── Data shown

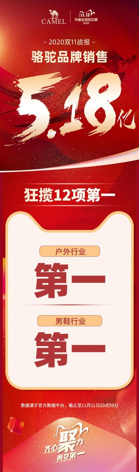 據(jù)駱駝官方發(fā)布的戰(zhàn)報數(shù)據(jù)顯示,從11月11日0點開跑起,駱駝的銷售數(shù)據(jù)就開始一路高歌猛進,勢如破竹一路瘋長,僅僅16分鐘,售額便突破3億元大關,從開頭到結束,駱駝全程領跑行業(yè)其他品牌。最終獲5.18億的銷售額,成為2020雙11鞋服類銷量冠軍。
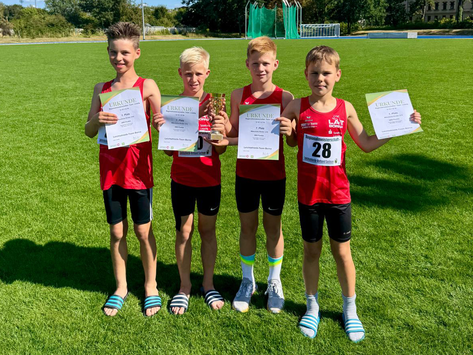 Die U12-Jungen des Leichtathletik-Team Borna zählen zu den aufstrebenden Mehrkämpfern im Landkreis Leipzig. Emil Förster, Sascha Bach sowie Tim und Ben Nöbel sicherten sich in der Halle den Leipziger Regionalmeistertitel im Fünfkampf, zugleich den höchsten Mannschaftstitel dieser Altersklasse.
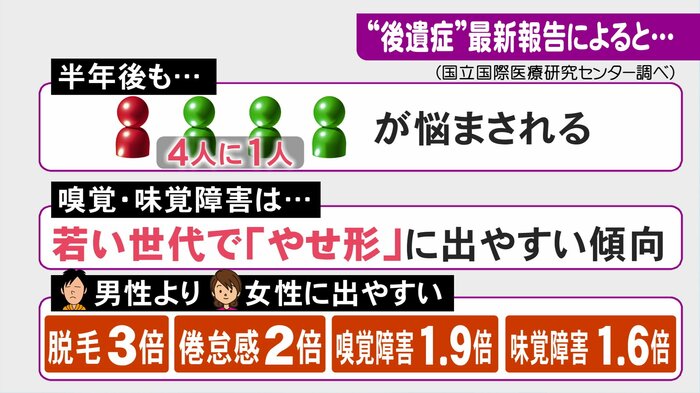 また嗅覚障害や味覚障害は若い世代で、さらに「やせ型」ほど出やすい傾向にあるとされている。男性よりも女性のほうが出やすいことも判明し、脱毛は3倍、倦怠感は2倍だという。

────

Find the line containing "Die U12-Jungen des" and copy it and each line after it through the end of the material, exactly, with no pictures.

 Die U12-Jungen des Leichtathletik-Team Borna zählen zu den aufstrebenden Mehrkämpfern im Landkreis Leipzig. Emil Förster, Sascha Bach sowie Tim und Ben Nöbel sicherten sich in der Halle den Leipziger Regionalmeistertitel im Fünfkampf, zugleich den höchsten Mannschaftstitel dieser Altersklasse.
 また嗅覚障害や味覚障害は若い世代で、さらに「やせ型」ほど出やすい傾向にあるとされている。男性よりも女性のほうが出やすいことも判明し、脱毛は3倍、倦怠感は2倍だという。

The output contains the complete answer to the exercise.